"Did he say he'd get us a table for his opening tonight at the International?"
...a few times a year, living in Fun City, whereas certain show-biz guys don't have anything to do but play a guitar and hang around Riviera and Lakeside....
"Isn't he the cutest thing? And so nice and friendly."
...and, anyhow, you sure missed seeing a good birdie back there.
Nobody I've ever known in my entire life has ever won a Pro-Am. I have played in maybe 7,895 of them over the past 25 years, with any number of fine partners—guys who could really play and guys who had a bundle of strokes to use—and I have very often been "the leader in the clubhouse," as the TV commentators say, but before nightfall every one of these Pro-Ams has been won by a bunch of guys from Sacramento or Tampa. The pro would be an unknown, and his amateur partners would consist of a real-estate developer, an electrical contractor and a priest. They would be 24 under par.
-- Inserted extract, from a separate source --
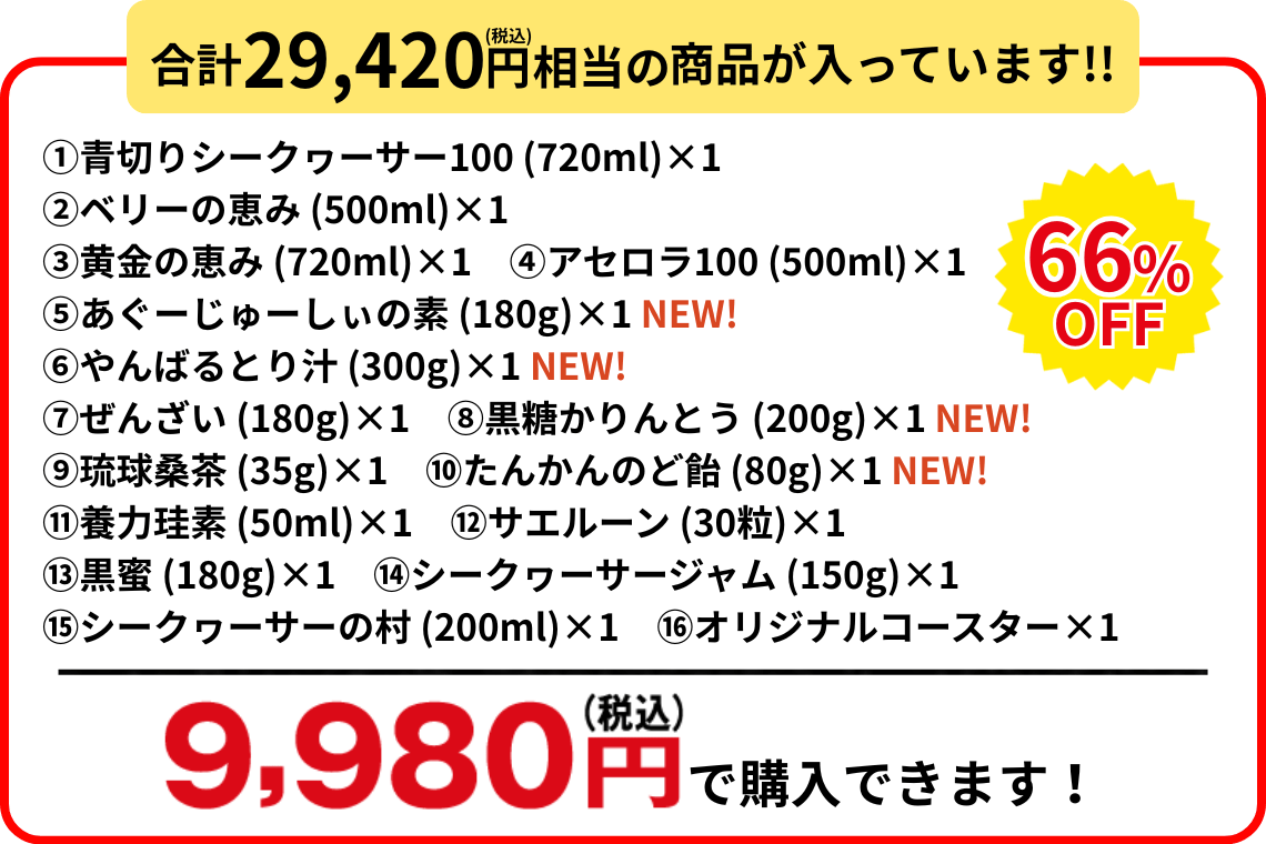 | セット内容 | ①青切りシークヮーサー100 (720ml)×1 ②ベリーの恵み (500ml)×1 ③黄金の恵み (720ml)×1 ④アセロラ100 (500ml)×1 ⑤あぐーじゅーしぃの素 (180g)×1 ⑥やんばるとり汁 (300g)×1 ⑦ぜんざい (180g)×1 ⑧黒糖かりんとう (200g)×1 ⑨琉球桑茶 (35g)×1 ⑩たんかんのど飴 (80g)×1 ⑪養力珪素 (50ml)×1 ⑫サエルーン (30粒)×1 ⑬黒蜜 (180g)×1 ⑭シークヮーサージャム (150g)×1 ⑮シークヮーサーの村 (200ml)×1 ⑯オリジナルコースター×1 ⑰WEB限定プレゼント スッパイマン食べ比べセット(たねなし・たねあり) |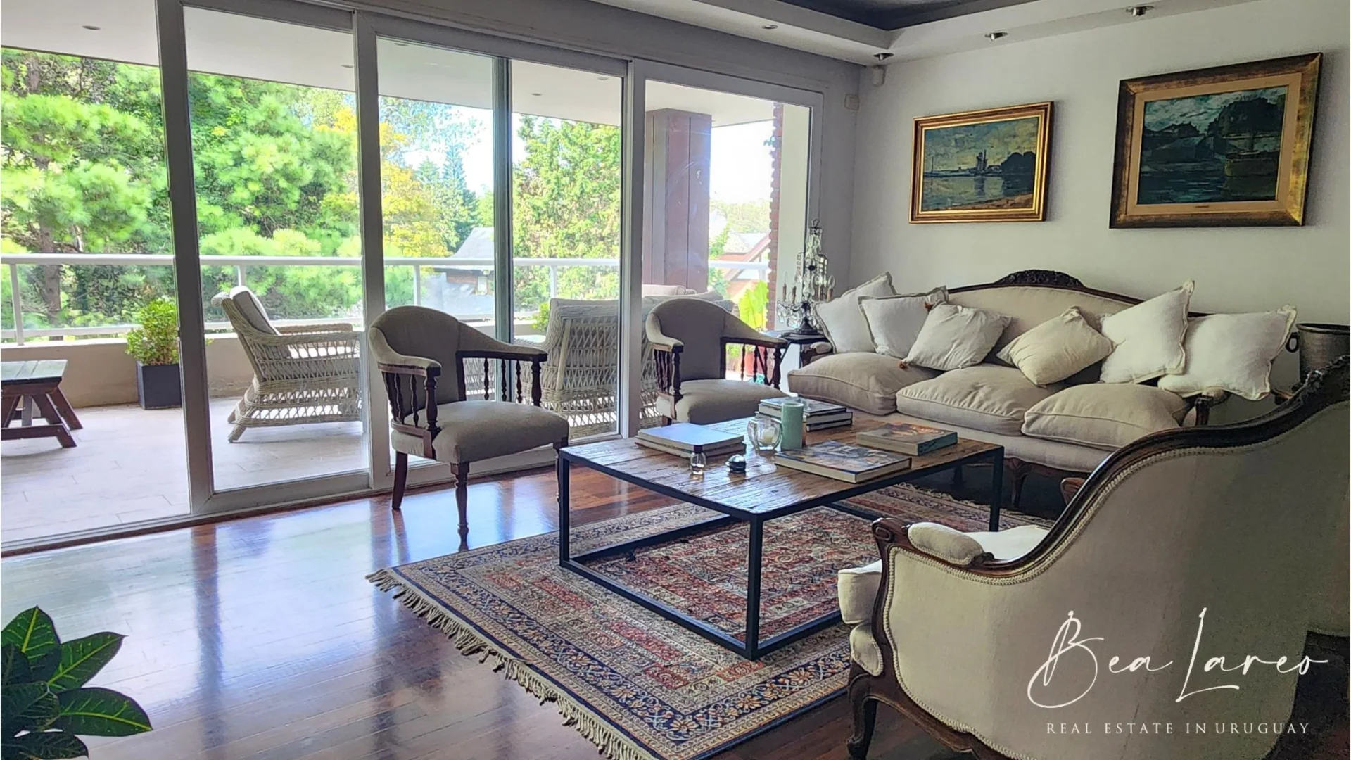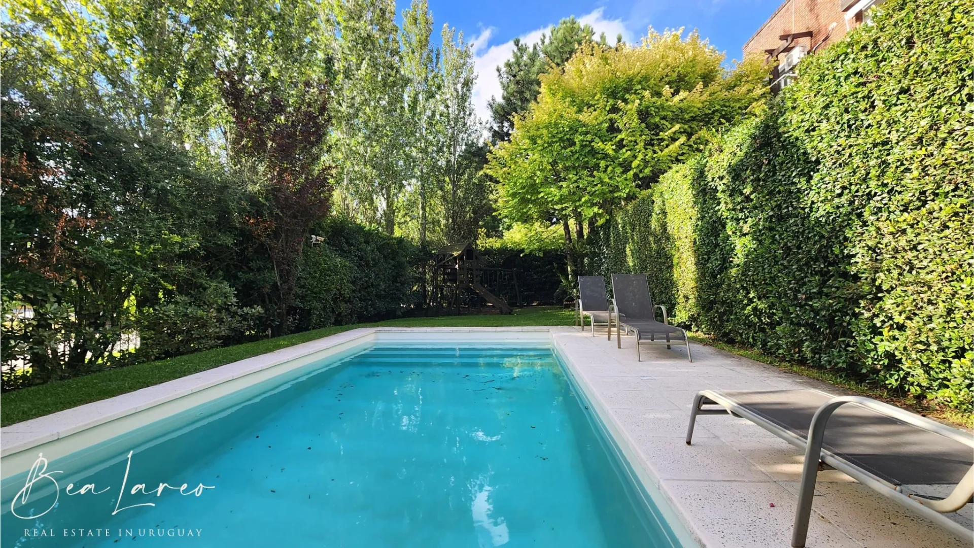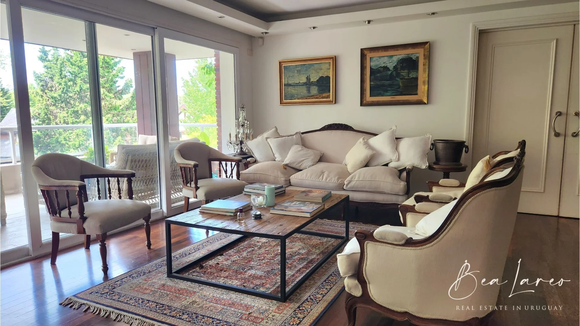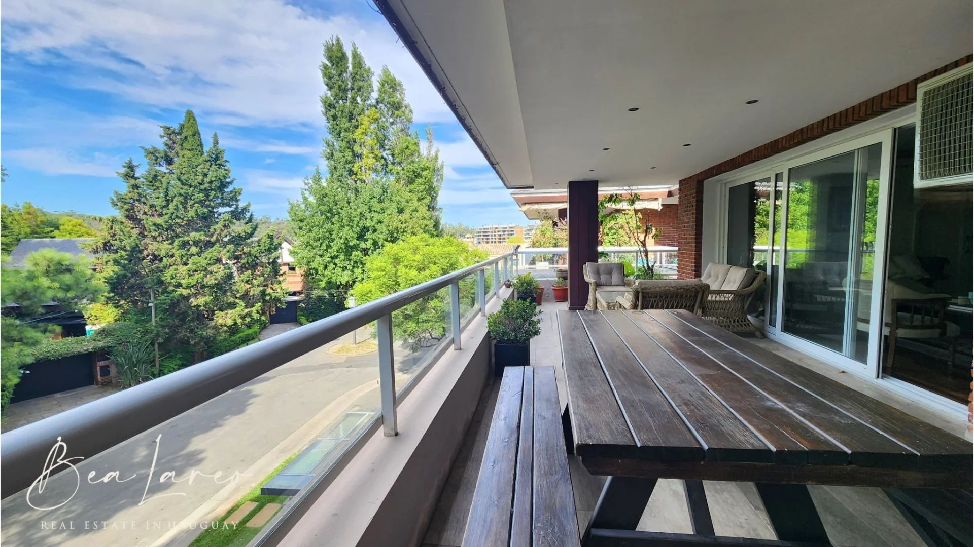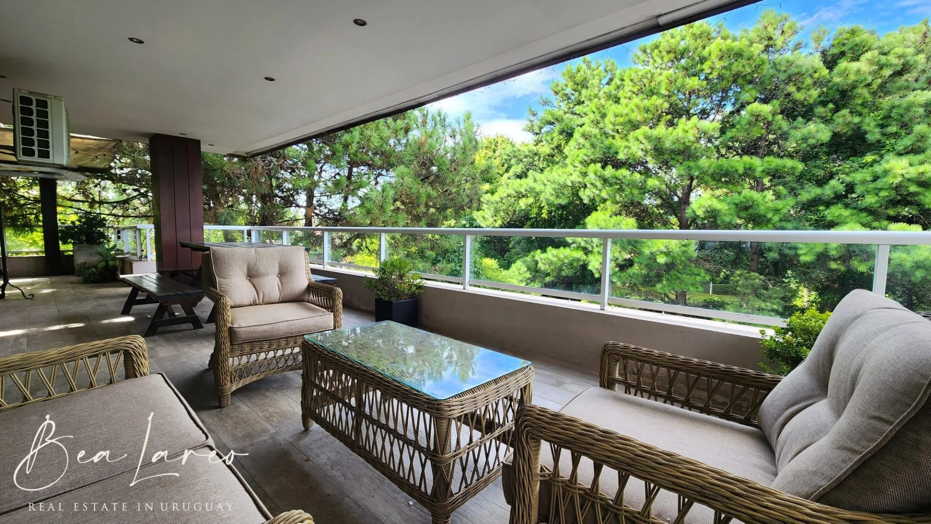 Este apartamento de excelente calidad de construcción y terminaciones dispone de una espectacular planta de 210 m2 interiores, a la que se suma una disfrutable terraza de 46 m2 orientada al norte. Cuenta con generosos espacios sociales: gran living comedor con salida a la terraza, amplio estar con estufa a leña conectado a la terraza con parrillero, escritorio (o 4to dormitorio), y baño social. Espaciosa cocina con office, terraza lavadero, y dormitorio de servicio con baño. Dormitorio principal en suite con acceso a terraza, y 2 amplios dormitorios que comparten un baño. Calefacción por losa radiante eléctrica (Eurocable). Completa la propiedad una buhardilla de 35 m2, y una azotea de uso exclusivo de 207 m2 edificable, que permitiría transformarlo en duplex. Garaje para 2 autos y espacio de estacionamiento para un auto adicional. El edificio cuenta con servicio de portería 8 hs y vigilancia de Ketlark 24 hs, jardín de uso común y piscina. Gastos comunes: $38.000

Obviously, then, it was quite silly for Donna Caponi, Glen Campbell or me to think that our measly little round of 14-under would win anything on that first day. And of course it didn't. Marilynn Smith had a team that featured Jerry Lucas, the basketball star who had just been traded to the Knicks. Jerry was so delighted with the trade that he went out with his 12 handicap and shot a two-under 70—gross—just like most of the 12-handicappers I ever knew back in Texas. They won laughing.
At the daily cocktail party and prizegiving, where all the Sealy folks got to work on their autograph collections and wondered where Joe Namath was, Jerry Lucas apologized and Donna Caponi confided that she was taking a party of 12 to both Glen Campbell shows that night.
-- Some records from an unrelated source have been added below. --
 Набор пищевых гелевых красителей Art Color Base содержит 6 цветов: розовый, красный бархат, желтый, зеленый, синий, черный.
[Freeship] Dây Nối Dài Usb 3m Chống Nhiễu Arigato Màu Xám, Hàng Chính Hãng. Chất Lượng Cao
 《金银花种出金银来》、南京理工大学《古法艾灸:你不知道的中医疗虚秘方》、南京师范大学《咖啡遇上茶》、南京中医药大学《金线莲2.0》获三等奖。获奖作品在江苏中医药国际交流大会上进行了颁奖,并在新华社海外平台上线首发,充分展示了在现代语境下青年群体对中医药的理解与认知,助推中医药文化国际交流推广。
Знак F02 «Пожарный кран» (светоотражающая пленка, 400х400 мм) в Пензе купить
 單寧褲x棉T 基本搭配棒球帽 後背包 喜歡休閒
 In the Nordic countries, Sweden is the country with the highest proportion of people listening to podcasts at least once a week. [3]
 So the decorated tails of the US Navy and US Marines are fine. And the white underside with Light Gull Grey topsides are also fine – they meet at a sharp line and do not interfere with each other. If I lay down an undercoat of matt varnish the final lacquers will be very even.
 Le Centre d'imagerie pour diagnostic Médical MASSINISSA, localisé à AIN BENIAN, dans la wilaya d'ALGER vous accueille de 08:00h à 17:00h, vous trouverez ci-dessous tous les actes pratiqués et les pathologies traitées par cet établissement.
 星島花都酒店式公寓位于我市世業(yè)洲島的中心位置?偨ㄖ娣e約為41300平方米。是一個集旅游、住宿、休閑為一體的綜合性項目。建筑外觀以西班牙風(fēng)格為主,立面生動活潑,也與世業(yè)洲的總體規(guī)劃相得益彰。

For Friday's round the dummy got himself a golf shirt, his wife stayed at poolside, he drew for a pro a nice young married lady from Midland, Texas named Judy Rankin who had captured three LPGA tournaments last year, and, for his other partner, a guy from Tampa with a long drive and a lot of strokes. Guy named Bill. Land developer. I thought we were a lock.
For a long time we were. Bill from Tampa was a cheerleader who called our pro "Judy, baby," and liked to take out a nine-iron for a five-iron shot and announce, "If it's only 170 yards, a nine's plenty for me, baby."
We played the back nine first and didn't cause any particular commotion until the 18th (our ninth) when I did one of those things we all did every week when we were 15 years old. I holed out a chip shot for an eagle.